Proteins and other biological molecules are, in essence, chemical compounds with specific properties that are determined by the nature of their atoms and the way they are connected and organized in the 3D space.
These properties are defined, in physico-chemical terms, as potentials, typically expressed with complex equations and/or numerical values. One of the aims of our effort, is to convey the significance of these properties in a visual way. Professional programs can calculate, for example, the electrostatic potential of a surface, or its hydrophobicity, and report it on the surface using a conventional code, typically a colour scale.
We present here some images obtained while studying different ways to render (i.e. to give visual properties to surfaces) applied to a form created with a random process or to a shape representing a branched complex sugar typically found on glycoproteins.
Proteins are also components of a very complex, active and lively environment that is the cell. While it can be functional for some purposes to show each protein as a single object, we think it is important also to be able to see them where they live, together with other proteins and many cellular components: from membranes to cytoskeletal elements, and in the presence of ions, small molecules and co-factors. Water, which is the ‘internal medium’ of all living things, is always omitted, in order not to obscure everything else.
Please contact us if you wish to obtain high resolution images
Membrane proteins embedded in the cellular membrane, and around on a lipid raft.
This image wins the Art of Science Image Contest 2012 at the Biophysical Society 56th Annual Meeting in San Diego.
In this image the protein-protein interaction is visible mainly through EP. While in movies it is possible to exploit the motion of particles, in static images the polarity is transmitted by the comet rendering of particles lines that appear as moving towards the negative pole.

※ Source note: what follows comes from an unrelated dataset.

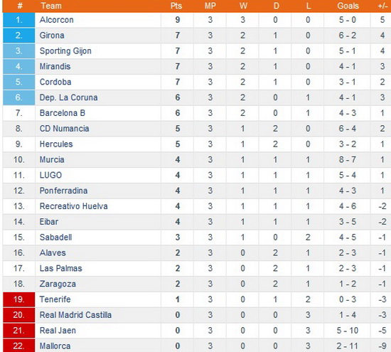 Единоличным лидером дивизиона после третьего тура впервые в своей истории стал вечный (в последнее время) нарушитель спокойствия Алькоркон. Желтая лихорадка дома тремя безответными мячами разбомбила самый старый футбольный клуб Испании – Рекреативо. Причем надо отметить, что голкипер Алькоркона Дани Хименес, перешедший в межсезонье из Райо Вальекано, пока еще не пропустил в этом сезоне ни одного мяча.

Membrane proteins embedded in the cellular membrane, and around on a lipid raft
Non-muscle myosin II moves along actin filaments, constricting the cell membrane to form a cleavage furrow, during the Cytokinesis.

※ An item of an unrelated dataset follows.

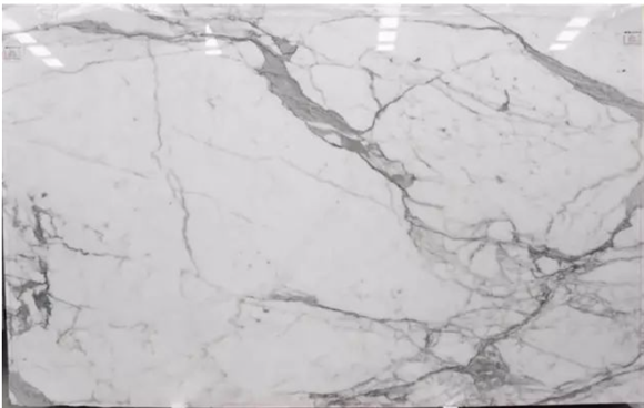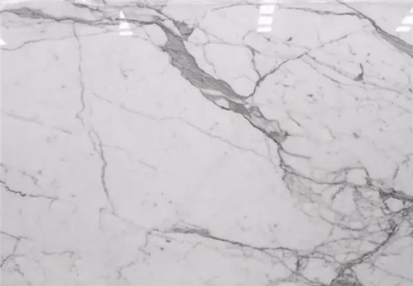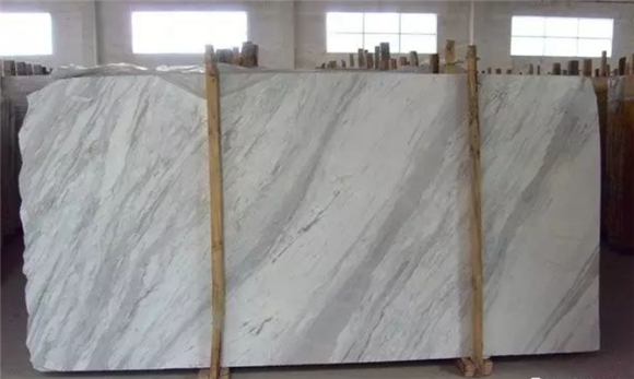 天然大理石;材料特征:底色白、紋路均勻。主要的問題是部分荒料的底色偏暗,及有紋路不均現象。總體來說還是比較穩定的。

Seamless texture of a cell layer.
The original image, was taken with a phase contrast optical
microscope. The cells are human fibroblasts grown to confluency.
Calmodulin (pdb 1cfc), pictured with our latest system: the boundary
of the protein is the Solvent Accessible Surface area, calculated
with PyMOL and imported as a mesh in Blender. The texture is an
elaboration of the Molecular Lipophilic Potential, showing
hydrophobic areas as white, smooth and shiny patches, and hydrophilic
ones as darker, rough and dull.
This complex ‘shader’ includes two overlapping 3D displacements and a graded luminosity (incandescence).
The form is the terminal end of a branched oligosaccharide. Atoms were randomly assigned grades of grey, and the molecule is depicted as in a street environment
The form is a random blob, randomly coloured. The surface includes a ‘shiny displacement’ that gives a rough crystallin impression, similar to sugar lumps.